Ian Murdock on OpenSolaris… And Beyond
I paid great attention to Ian Murdock’s talk at LugRadio Live USA 2008, as he’s an important person at Sun in terms of the open source community, and I’m community facing as well. It was also the first time I got to meet Ian (after his talk), and we hit off a conversation really quickly. I look forward to working alongside Ian more… Now to the talk notes.
A Bit About Ian
– Linux user, developer, and advocate since 1993
– Founder of Debian, co-founder of Progeny
– Joined Sun in March 2007, Chief OS strategist (launched Project Indiana), and now since February 2008 is VP Developer and Community Marketing
What’s a Linux guy doing at Sun?
– When people say they want Linux… they don’t actually mean that they want Linux. You don’t only want the kernel, but you want the userspace as well. You really want a distribution, not Linux itself. Ian is more of an open source guy. So create a business model behind OpenSolaris?

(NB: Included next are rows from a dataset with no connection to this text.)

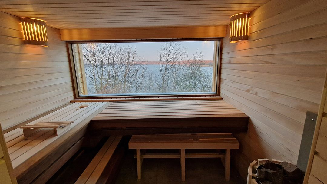 Читать полностьюУютная сауна с панорамным видом на озеро способна вместить до шести человек. В ней вы найдете все необходимое для комфортного отдыха: банные шапки, полотенца, кроксы, халаты, гель для душа, шампунь и кондиционер.
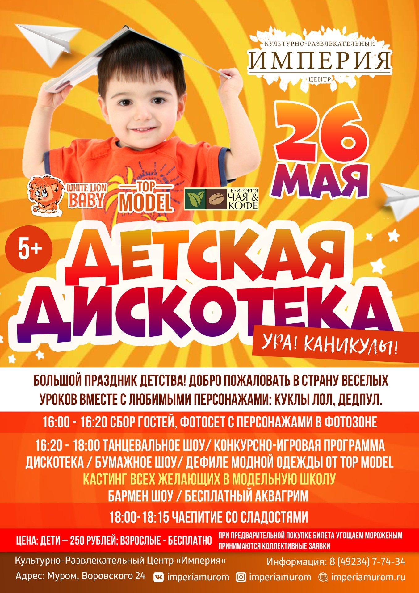 - Детский центр - Детские праздники в Империи - Детская дискотека "УРА! Каникулы!"
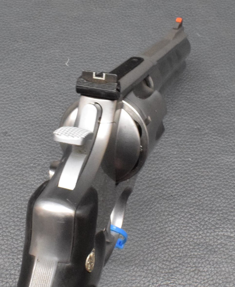 5" Lauf, verstellbare Micrometervisierung, Korn mit roter Einlage verstiftet, SA/DA Abzugssystem, N-Rahmen, 6-Schuss Trommel, sehr bequemer Gummigriff mit Fingerrillen.
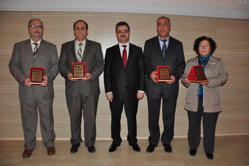 Meslekte 25. Yılını dolduran Dekan Prof. Dr. Nuray Şahinler, Prof. Dr. Fatih Çelen, Doç. Dr. Şener Tarla, Yrd. Doç. Dr. Gülcan Tarla ve Yrd. Doç. Dr. Mahmut İslamoğlu’na plaketlerini Rektör Yardımcımız Prof. Dr. Metin Gümüş takdim etti.
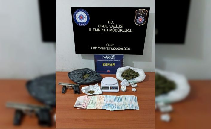 Edinilen bilgiye göre, alınan bir ihbarı değerlendiren Ordu İl Emniyet Müdürlüğü’ne bağlı Ünye Narkotik Suçlarla Mücadele Grup Amirliği ekipleri, uyuşturucu sattığı belirlenen M.C.Ç. isimli şahsı takibe aldı. Saraçlı Mahallesi’nde görülen şüpheli, kovalama sonrası ekipler tarafından yakalandı. Yakalanan şahsın ifadesi sonucu ekipler, H.S. isimli şahsı da ikametinde gözaltına aldı. Her iki şüphelinin ev ve üst aramasında ise bir ruhsatsız tabanca, 155 gram kubar esrar, hassas terazi ile 2 bin 750 lira para ele geçirildi.
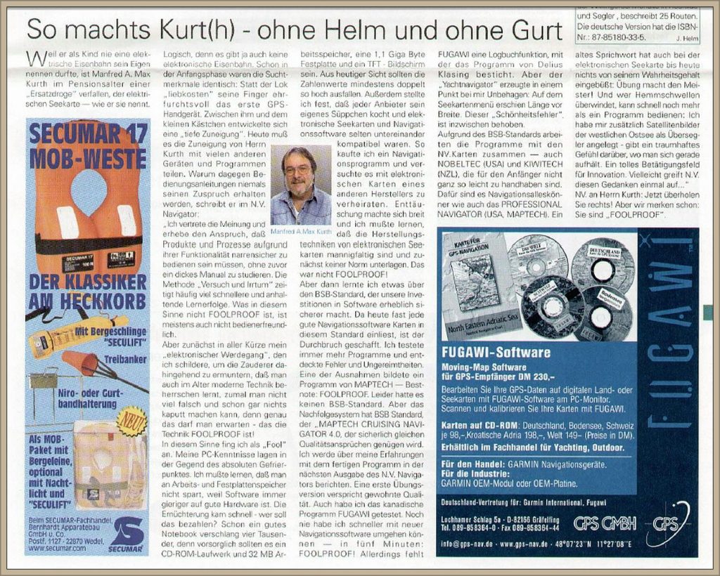 Natürlich würde ich das stoßempfindliche HDD Notebook heute durch einen kleinen ruggadized (stoßsicheren) Raspberry Pi5 mit SSD-Speicher ersetzen und 2 portabe Flachbildschirme anschließen. Allerdings betone ich immer wieder gerne, dass mich mein Equipment und auch die Software in 25 Jahren der elektronischen Navigation nie in Stich gelassen haben. Was denke ich gerne an diese Zeiten zurück!
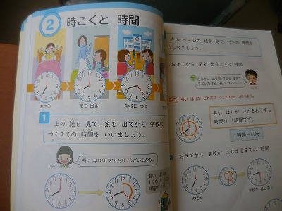 「時こくと時間」の単元です。二つの時刻の間の時間を計算します。アナログ時計を使って数えるとわかりやすいです。
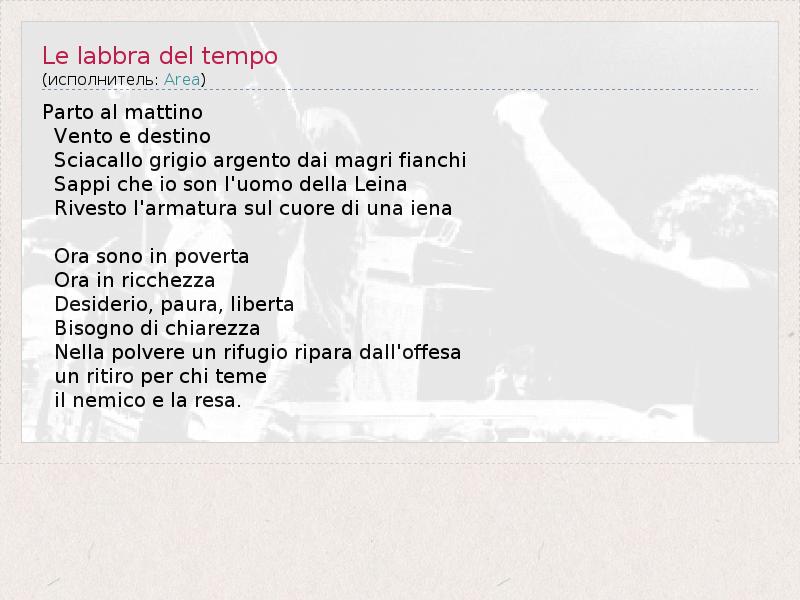 А как ты думаешь, о чем песня "Le labbra del tempo" ?
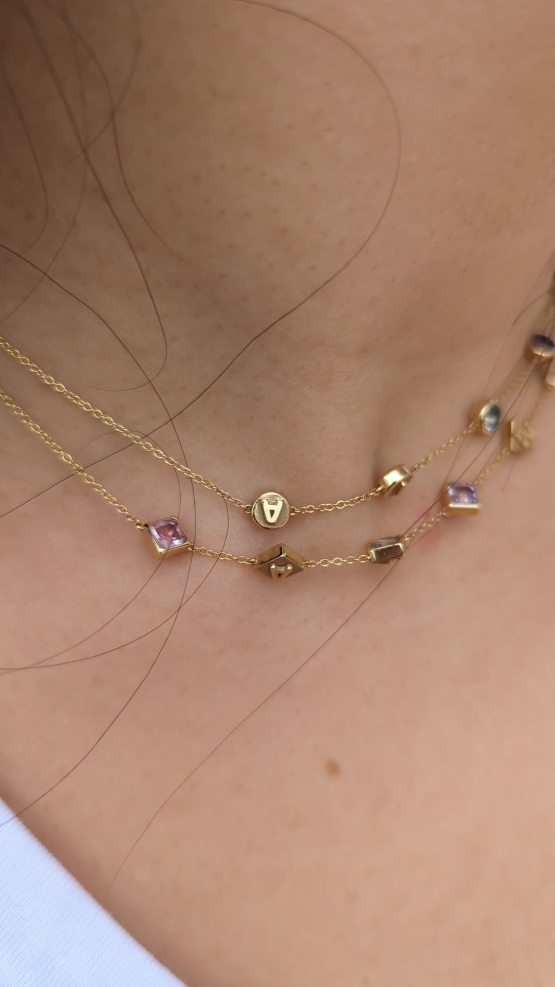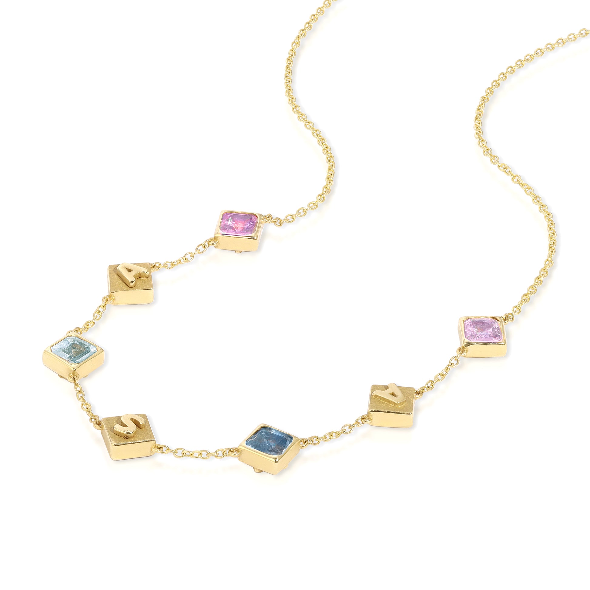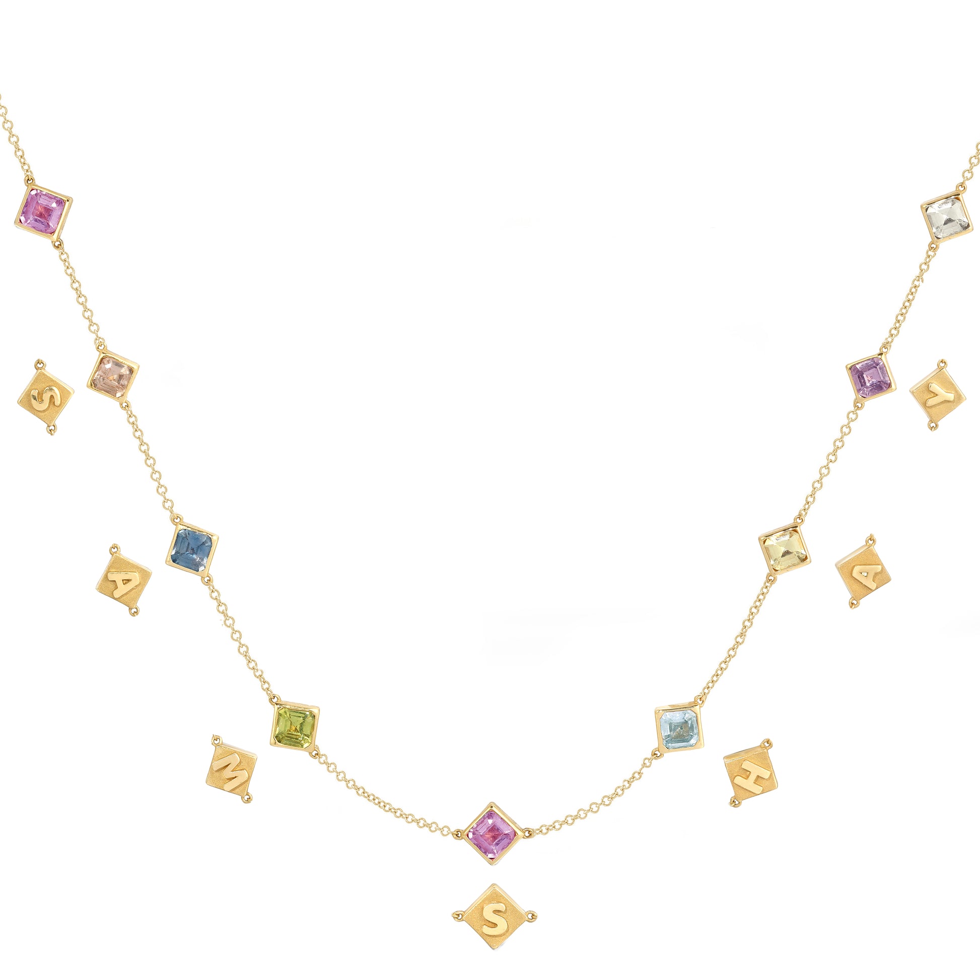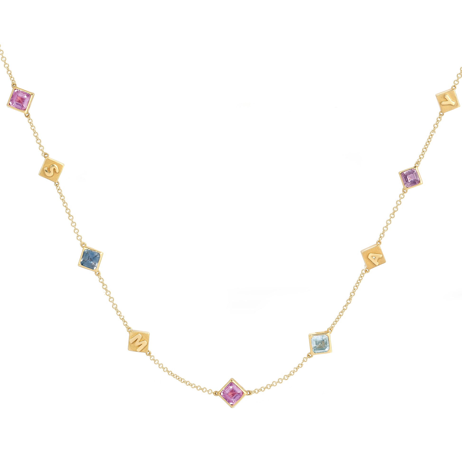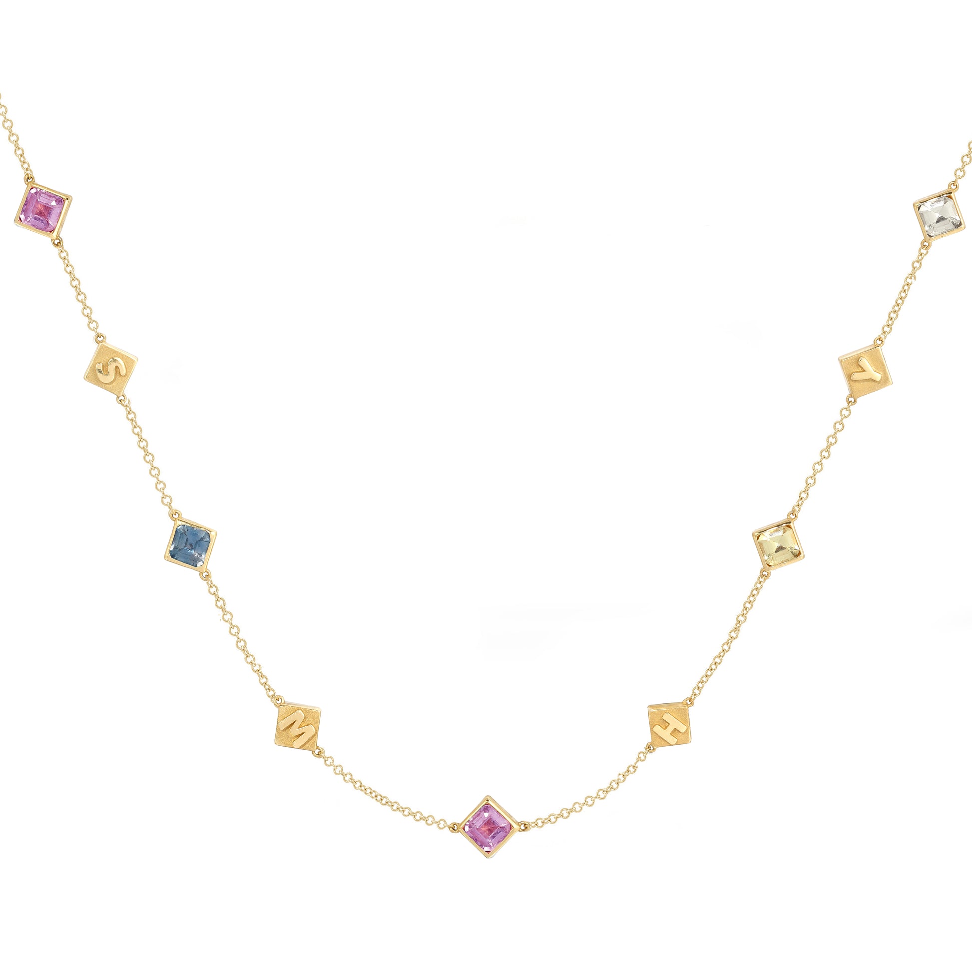 Introducing our stunning Peekabo necklace, a perfect blend of elegance and personalization. This exquisite piece features bezel-set princess cut gemstones that rotate to reveal a hidden initial or character on the back, offering a unique and intimate touch. You can choose your gemstone from a selection of brilliant diamonds or vibrant sapphires in various colors, allowing you to create a piece that truly reflects your style. Personalize your necklace further by selecting the number of gemstones, spelling a name or initials of loved ones, and choosing the color of gold—whether it's classic yellow, romantic rose, or timeless white. This necklace is more than just jewelry; it's a personal statement of elegance and sentimentality.
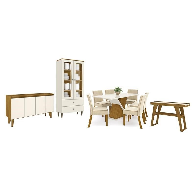 Conjunto para Sala de Jantar com Buffet e Cristaleira Reflecta Elegance Off White/Naturalle - Marrom
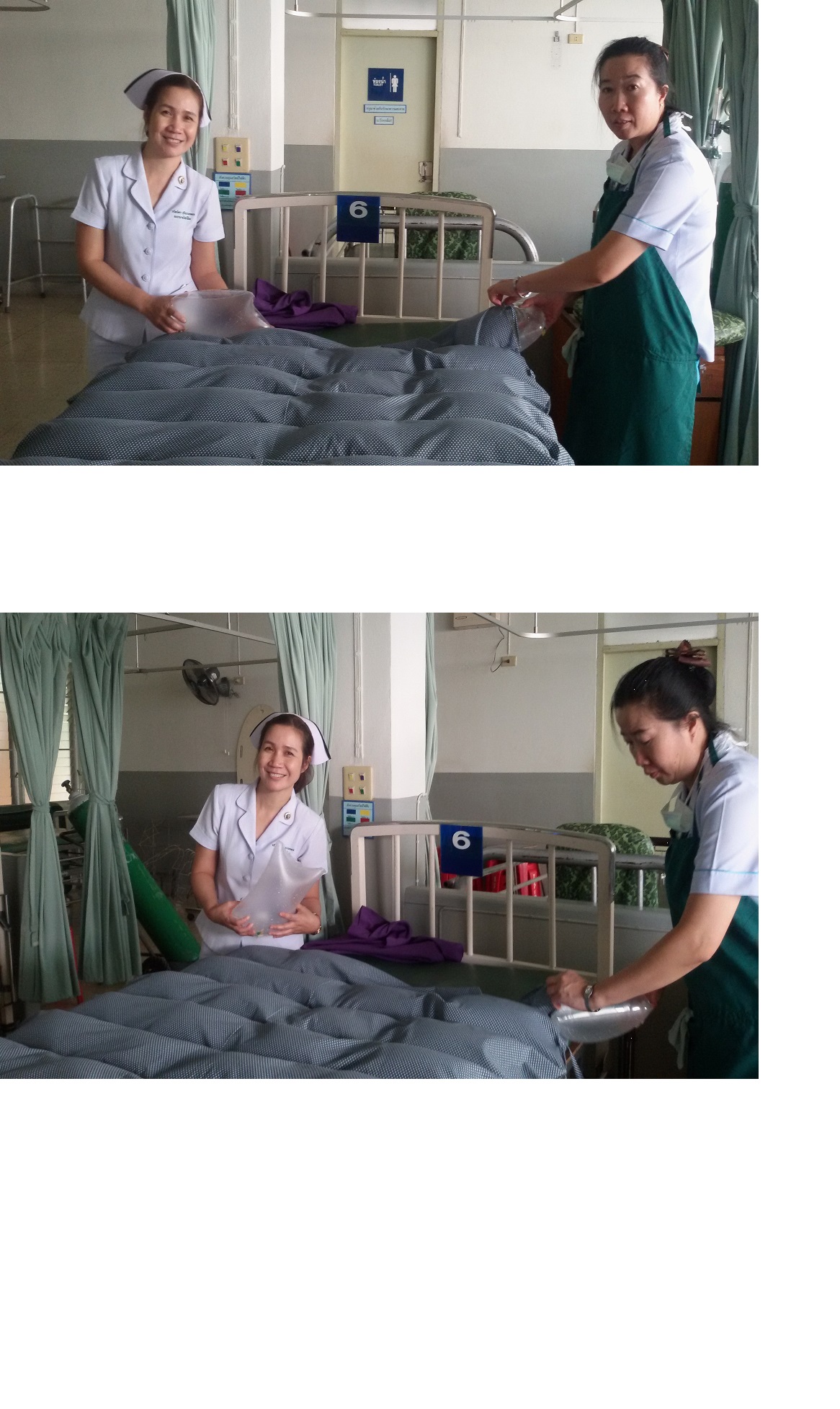 จากผลการทบทวนการปฏิบัติงานของหอผู้ป่วยใน พบว่า รับผู้ป่วยกลุ่มโรคอาการทางหลอดเลือดสมองและผู้ป่วยBed riddenมากขึ้น การดูแลผู้ป่วยกลุ่มดังกล่าวได้ใช้แนวทางการเฝ้าระวังการเกิดแผลกดทับ มีการใช้อุปกรณ์เตียงนอนลม แต่ยังเกิดอุบัติการณ์การเกิดแผลกดทับระดับ1 จำนวน 5 ราย และมีแผลกดทับระดับ 2 มาจากบ้าน จำนวน 4 ราย ในปี 2557 โดยการทบทวนการปฏิบัติงานยังพบว่า บุคลากรขาดการประเมินผู้ป่วยที่ชัดเจนและขาดการปฏิบัติตามแนวทางอย่างเคร่งครัด ประกอบกับยังขาดแคลนอุปกรณ์เตียงนอนลมที่เพียงพอ เนื่องจากหอผู้ป่วยมีเตียงนอนลมเพียง 2 เครื่องเท่านั้น และผู้ป่วยต้องนำไปใช้ที่บ้านด้วย แต่เนื่องจากที่นอนลม มีราคาประมาณ 12,600 บาท งานผู้ป่วยใน โรงพยาบาลสันติสุข จึงคิดค้นนวัตกรรมเพื่อทดแทนการใช้ที่นอนลมจากถุงน้ำยาล้างไตทางช่องท้องที่ไม่ได้ใช้แล้ว มาพัฒนาเป็นที่นอนลมสำหรับผู้ป่วย เสียค่าใช้จ่ายประมาณ 430 บาท ซึ่งเป็นการลดปริมาณขยะ ค่าใช้จ่ายในการกำจัดขยะ และค่าใช้จ่ายในการซื้อที่นอนลมและค่าไฟฟ้า สำหรับผู้ป่วยที่ไม่สามารถเคลื่อนไหวตนเองได้

– Solaris ships all userland utilities you’d expect from Linux. GNU Utilities vs. UNIX Utilities. Where the real differentiation is, is Linux Kernel vs. Solaris Kernel.
– Its the kernel where you drive change for the OS. Look at ZFS, Dtrace, containers, etc.
– Linux has multiple configurable platforms with expanding ecosystems. OpenSolaris, is an integrated operating system, with binary compatibility.
– Where Sun wants to go with OpenSolaris? Have binary compatibility in the core platform, and have the expanding ecosystem in it.
– Project Indiana has Solaris innovation with the “distribution” model of the Linux world, i.e. have package repositories. Also, to close the “familiarity gap” so that there is a GNU userland, a package management system, etc. And of course, focus on the unique Solaris capabilities – upgrade rollback via ZFS snapshots, AMP stack with integrated DTrace probes (MySQL in OpenSolaris Developer Preview 2 already has this capability), binary compatibility, etc.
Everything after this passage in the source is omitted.